Cheshire’s Ruth Whitehead, who has played a prominent role in unifying men’s and women’s golf, has been recognised for her outstanding contribution to the amateur game.
Cheshire’s Ruth Whitehead, who has played a prominent role in unifying men’s and women’s golf, has been recognised for her outstanding contribution to the amateur game with England Golf’s Gerald Micklem Award.
Ruth is the first woman to receive the award which was presented today by England Golf's outgoing President, Marian Rae, at the organisation’s annual meeting.
Ruth was a key figure in national women’s golf for many years and was closely involved with the merger of the English Golf Union and the English Women’s Golf Association (EWGA) which created England Golf.

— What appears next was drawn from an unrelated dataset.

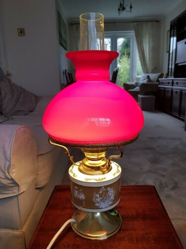 vintage style Oil Lamp converted to electric, Red Glass Shade & Glass Chimney

She has been a member at Delamere Forest Golf Club for almost 40 years, becoming its first woman director and is now is its first female chairman.
Alongside Ruth’s club and national roles she has been a staunch supporter of her county, both as a player and an official, most recently as President in 2015/16.
Ruth’s motivation has always been her pleasure in the game and she said of her award:
“I’m overwhelmed, this is absolutely unbelievable. I have had such fun and enjoyment from golf, I’ve worked with wonderful people and made lovely friends. You don’t think of getting honours, you do it because you love the game.”
Ruth started golf as a 14-year-old at Sandbach, Cheshire, and, during a membership which spanned 45 years, she was ladies’ captain in the club’s golden jubilee celebrations. She was also a member at a third Cheshire club, Sandiway, for more than 35 years and has been ladies’ captain at Royal St David’s, Harlech.
Ruth’s active involvement with county, regional and national golf flourished when she retired as deputy head teacher of a large, successful comprehensive school in Nantwich.
After joining the executive of the former English Ladies’ Golf Association she helped to modernise the organisation and transform it into EWGA. Ruth was the first chairman of the new operational board, looking after the association’s golfing activities.
She was always hands-on, as busy on the course as in the committee room. Ruth ran many championships – with a particular soft spot for the English U13 and U15 girls – and officiated as an R&A-qualified referee.
As a player, Ruth held a single figure handicap for over 40 years and still plays off 11. She was a Cheshire county player and was county senior champion in 1999. She has been county captain, senior captain and the captain of the Northern vets.